*About this exercise*. The entries below are to be copied exactly, with every picture left out.
___
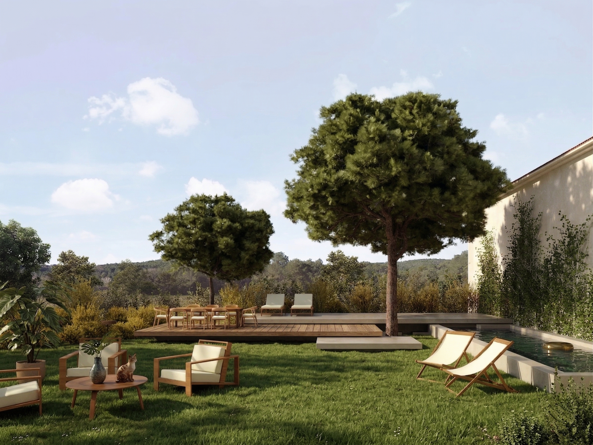 L’arquitectura del jardí s’organitza a través d’aquestes superfícies de fusta i formigó, que funcionen de manera autònoma però connectada: un primer àmbit destinat a menjador exterior, un segon nivell per al solàrium i un conjunt d’esglaons que resolen de forma natural l’accés a la làmina d’aigua. Aquest joc de plataformes no només jeraritza el programa funcional, sinó que actua com un element de transició suau entre l’habitatge i el paisatge de l’Empordà.
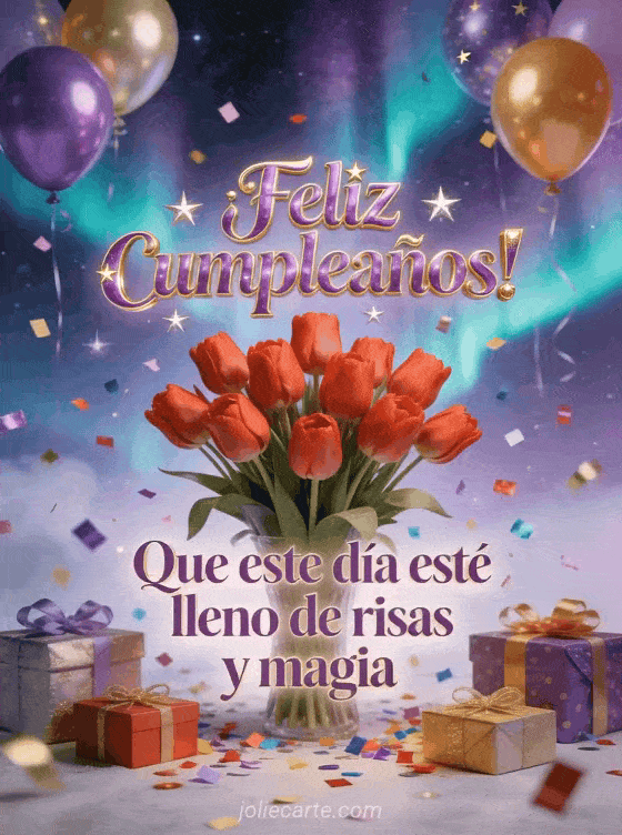 Celebra un cumpleaños lleno de magia con esta encantadora tarjeta de fantasía con vibrantes tulipanes rojos rodeados de confeti colorido, regalos, globos y coloridas auroras boreales danzando en el cielo. Descubre también una tarjeta de cumpleaños para niños o una tarjeta de cumpleaños para niña.
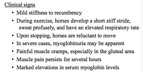 1. occurs following exercise in horses with previous history of what?
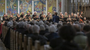 JHN: Ribe Kammerkor er et kor, som har 50-års jubilæum i 2025 og der er stadigvæk mange med fra begyndelsen. Et kor som har et højt niveau, er ambitiøse og gerne vil arbejde. Jeg er overrasket over hvor stabile og velsyngende de er på trods af de seneste års mange lederskift (fem ledere på fire år) plus Corona, som har været en udfordring for alle kor.
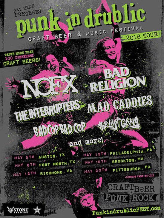 NOFX’s Fat Mike has announced some 2018 Punk in Drublic Craft Beer & Music Festival dates. The frontman has joined forces with Synergy Global Entertainment and Brew Ha Ha Productions for the trek, which will feature music and up to four hours of craft beer tastings. Artists set to appear include: NOFX, Bad Religion, The Interrupters and Mad Caddies. Bad Cop / Bad Cop and The Last Gang will also appear at select shows. Fat Mike and Stone Brewing’s limited NOFX Punk in Drublic Hoppy Lager will now return for these dates, and will also be available in California. If your interested in finding it, you can use this beer finder. Here’s where you can catch the festival this time around:
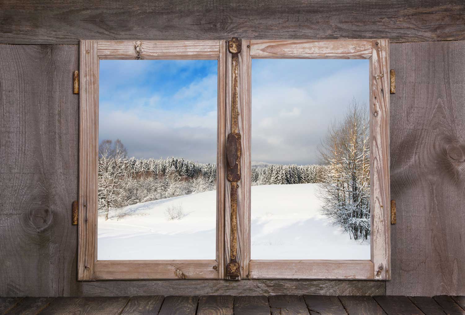 Regardez par la fenêtre et profitez du magnifique paysage enneigé avec ce paysage hivernal de forêt enneigée vue à travers le papier peint. Ajoutez une touche paisible et agrandissez l'espace de votre pièce avec un ciel bleu et des bois de neige blanche. Papier peint parfait pour votre chambre et votre salon.
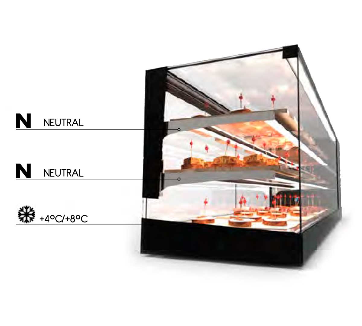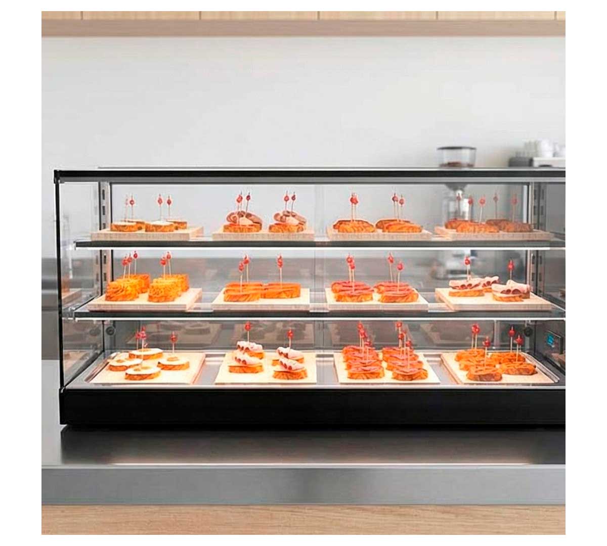 Vitrina horizontal refrigerada. El fondo es plano y permite colocar platos. Con control digital de la temperatura. Las puertas traseras son correderas. Tiene 3 niveles de exposición y 2 estantes neutros. Con cristal recto vitrificado resistente a golpes, roces, ácidos y detergentes.
___
*Task output*.
 L’arquitectura del jardí s’organitza a través d’aquestes superfícies de fusta i formigó, que funcionen de manera autònoma però connectada: un primer àmbit destinat a menjador exterior, un segon nivell per al solàrium i un conjunt d’esglaons que resolen de forma natural l’accés a la làmina d’aigua. Aquest joc de plataformes no només jeraritza el programa funcional, sinó que actua com un element de transició suau entre l’habitatge i el paisatge de l’Empordà.
 Celebra un cumpleaños lleno de magia con esta encantadora tarjeta de fantasía con vibrantes tulipanes rojos rodeados de confeti colorido, regalos, globos y coloridas auroras boreales danzando en el cielo. Descubre también una tarjeta de cumpleaños para niños o una tarjeta de cumpleaños para niña.
 1. occurs following exercise in horses with previous history of what?
 JHN: Ribe Kammerkor er et kor, som har 50-års jubilæum i 2025 og der er stadigvæk mange med fra begyndelsen. Et kor som har et højt niveau, er ambitiøse og gerne vil arbejde. Jeg er overrasket over hvor stabile og velsyngende de er på trods af de seneste års mange lederskift (fem ledere på fire år) plus Corona, som har været en udfordring for alle kor.
 NOFX’s Fat Mike has announced some 2018 Punk in Drublic Craft Beer & Music Festival dates. The frontman has joined forces with Synergy Global Entertainment and Brew Ha Ha Productions for the trek, which will feature music and up to four hours of craft beer tastings. Artists set to appear include: NOFX, Bad Religion, The Interrupters and Mad Caddies. Bad Cop / Bad Cop and The Last Gang will also appear at select shows. Fat Mike and Stone Brewing’s limited NOFX Punk in Drublic Hoppy Lager will now return for these dates, and will also be available in California. If your interested in finding it, you can use this beer finder. Here’s where you can catch the festival this time around:
 Regardez par la fenêtre et profitez du magnifique paysage enneigé avec ce paysage hivernal de forêt enneigée vue à travers le papier peint. Ajoutez une touche paisible et agrandissez l'espace de votre pièce avec un ciel bleu et des bois de neige blanche. Papier peint parfait pour votre chambre et votre salon.
 Vitrina horizontal refrigerada. El fondo es plano y permite colocar platos. Con control digital de la temperatura. Las puertas traseras son correderas. Tiene 3 niveles de exposición y 2 estantes neutros. Con cristal recto vitrificado resistente a golpes, roces, ácidos y detergentes.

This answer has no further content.